Только скорой мне не хватало. Я направился к метро, а люди за мной двинулись, как на крестном ходе, увещевали остаться, не хотели отпускать, думали я пребываю в шоке. Так и тащились следом, пока я не развернулся и не гаркнул на всю улицу:
– А ну нах!
Рассосались. Только поворчали с осуждением, что вот, дескать, мол, какой хам. О нем проявляют заботу, а он…
Пока ехал в метро, народ на меня сочувственно косился. Еще бы. Морда вся распухла. Рубашка в крови. Сразу видно, досталось парню. Отсыпал боженька от щедрот. Вот всегда со мной так. Когда физиономия в порядке, не замечают. Стоит только на морде нарисоваться фингалу или повреждениям посерьезней, вот как сегодня, жалеют, будто я им родной.
Я хмурился и глядел в пол. И тут мне показалось, будто кто-то ко мне склонился и быстро зашептал в ухо: «Молодец, все правильно сделал…». Я даже обернулся. Никого. «Все правильно, молодец. А морда, что?.. Морда – тьфу. Заживет морда».
– Кто это?! – выкрикнул я. – Кто это со мной разговаривает?!
Я пронесся по летнему городу, как предгрозовой ветер – стремительный и почти незаметный. Скользнул взглядом по объекту, и проследовал дальше – в подъезд, затем наверх на лифте, по лестнице на чердак… Я выбирал это место почти неделю, посетив его дважды, в разное время суток. Неожиданностей быть не должно.
Андрюша Счастливцев расположился в летнем кафе. Очень неудачно для себя расположился. Впрочем, откуда капитану было знать, что его любимое кафе – удобная точка для обстрела? Агентура донесла – объект любит это дешевое заведение, проводит здесь несколько часов каждую среду. Сидит обычно за крайним столиком. В одиночестве. Судя по досье, общительностью он никогда не отличался. Даже пить предпочитал один. Что в народе, как известно, осуждают.

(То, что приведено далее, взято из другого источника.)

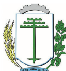
Prefeitura Municipal de Irati
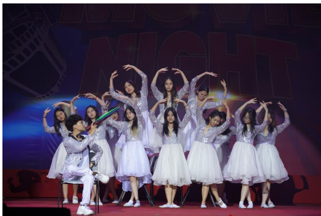
LỚP IGCSE 1A
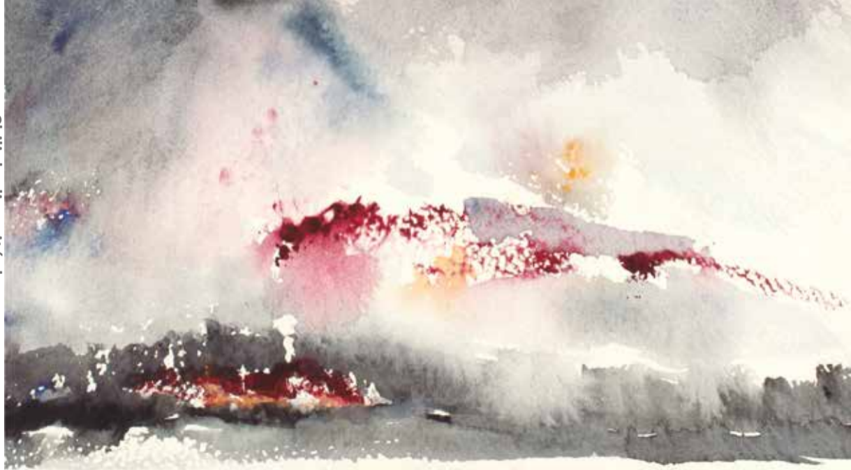
Aquarelles chiliennes en France
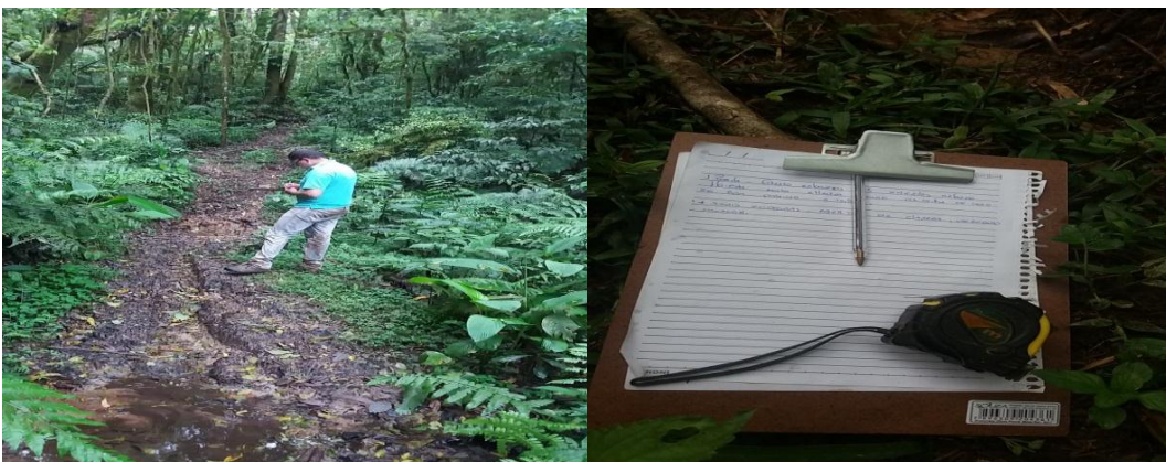
Fotos 6 e 7 - Atividades de medição de campo
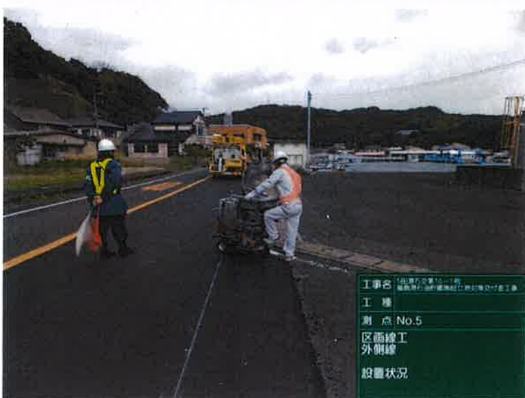
工種： 測点：No.5 区画線工 外側線 設置状況
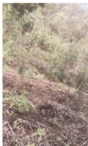
Foto 3 y 4, Replantes en áreas reforestadas.

El establecimiento de las 5 hectáreas propuestas para el año 2023 se estará realizando al establecerse la época lluviosa, para obtener un mejor prendimiento, ya que el área a utilizarse contiene una pendiente del 35%, donde las condiciones de suelo y poca vegetación hace difícil el prendimiento, sin embargo, con suficiente humedad, se puede obtener mejor resultado.
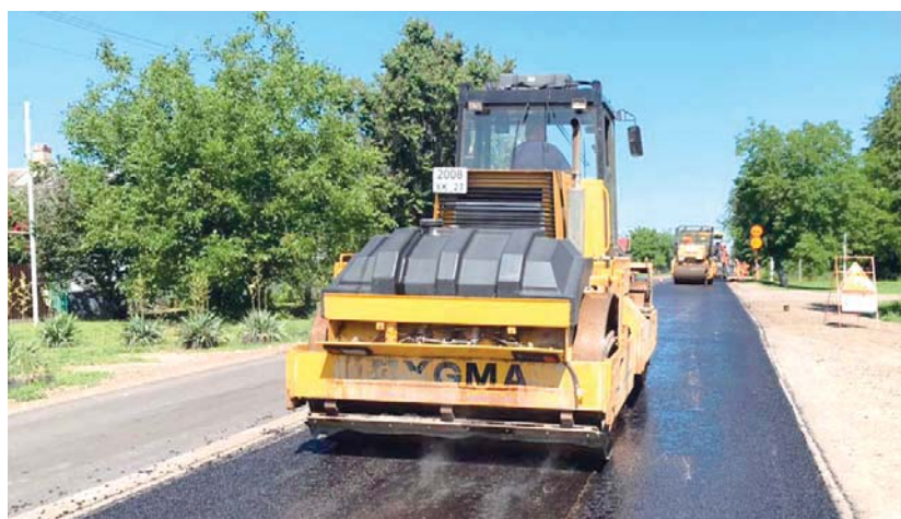
На участке Советский — Красноармейский

СДЕЛАНО: в 2021 году отремонтировано 28,408 км автомобильных дорог. Введено досрочно объектов за счет средств федерального бюджета — 8,595 км автомобильных дорог.

«Честный» мент заказал пару кружек пива, бутылку портвейна «777», и, закинув ногу на ногу, приготовился расслабляться, – таким же способом, какой используют для релаксации многие российские граждане, даже те, кто это дело осуждает.
А погоды стояли такие, что всякого, кто интересуется чем-то кроме личного дохода, непременно охватило бы упоительное чувство жизни. Солнце повисло ослепительной вспышкой в небесах настолько голубых, что их цвет казался неприличным. Прыгали воробьи, собирая с асфальта хлебные крошки и шелуху семечек. Юные девы спешили мимо Андрюши, цокая по асфальту каблучками. А счастливчик Счастливцев, – тавтологичный, но при этом очень точный каламбур, – сидел без дела и никуда не спешил – потягивал с задумчивым видом пивко, да иногда поглядывал в небо, словно наблюдал за кем-то, кто оттуда наблюдает за ним, и следит, чтобы все у него было хорошо.
Облака стремительно проносились над головой мента и роняли тяжелые тени на кровельный скат старой крыши, где лежал я. Некоторые умеют получать удовольствие от самых простых вещей, думалось мне, а вот я давно уже разучился радоваться хорошей погоде, красоте природы, да просто тому, что живу. Меня прельщало созерцание совсем другой зелени и надежда, что когда-нибудь я отойду от дел – и вот тогда заживу по-настоящему, где-нибудь в Монте-Карло, или в Ницце. А может, на далеком австралийском континенте. Испытывая черную зависть, я смотрел на счастливого человека в оптический прицел винтовки Heckler-Koch G3 – мой любимый образчик снайперского оружия. Такие стволы на вооружении у бойцов НАТО.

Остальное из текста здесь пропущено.